Just found a freak on ebay (from my neck of the woods) about 15 minutes before it closes. Unfortunately, this person is being rewarded by multiple bidders driving the price up. No mention of the fact that this is a Frankenstein.

 http://www.ebay.com/itm/DEEP-PURPLE-JOHN-WEISSENBERGER-MILWAUKEE-WIS-HUTCH-SODA-BOTTLE-/261262827751?pt=LH_DefaultDomain_0&hash=item3cd47a60e7


----------



## blobbottlebob (Aug 15, 2013)

Luckily, it is not the rarest bottles --- but still. Why? Why? Why? Currently at $41.00. May go up yet.

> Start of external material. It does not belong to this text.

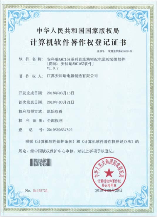 AMC100配電裝置具備CNAS檢測(cè)報(bào)告和計(jì)算機(jī)軟件著作權(quán)。
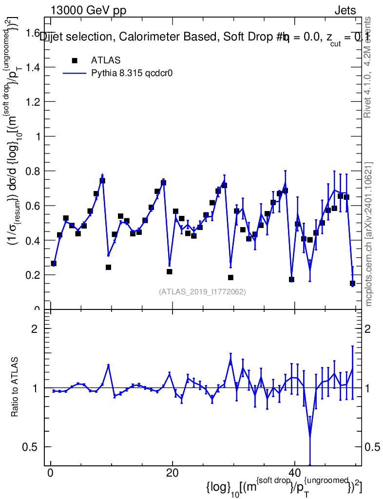 Lines: data, pythia8 8.315 qcdcr0 |

 http://i.ebayimg.com/t/DEEP-PURPLE-JOHN-WEISSENBERGER-MILWAUKEE-WIS-HUTCH-SODA-BOTTLE-/00/s/MTEwMFg1MDA=/z/58oAAOxyhSBSBte8/$(KGrHqZ,!nYFHh3UM1(oBSBte8MjfQ~~60_57.JPG


----------



## blobbottlebob (Aug 15, 2013)

Sold for 41 plus shipping. Probably about ten times what it should have. Honestly, I wish people wouldn't be rewarded for modifying original artifacts without even the courtesy of being honest about it.


----------



## blobbottlebob (Aug 15, 2013)

Pic.


----------



## blobbottlebob (Aug 15, 2013)

Interesting that this bottle started as aqua glass. This bottle was never made in colorless (flint) glass and therefore could never have turned even amethyst on its own.


----------



## Weissenberger GGD (Aug 5, 2022)

John is my Great Great Grandfather. While obviously I understand it’s an historical artifact, I also know my Grandma would have thought this was cool. The glass was never dyed by JWSWC.


----------



## Weissenberger GGD (Aug 5, 2022)

blobbottlebob said:


> Sold for 41 plus shipping. Probably about ten times what it should have. Honestly, I wish people wouldn't be rewarded for modifying original artifacts without even the courtesy of being honest about it.


I would have. But it’s my family history. Interested in where it is.


----------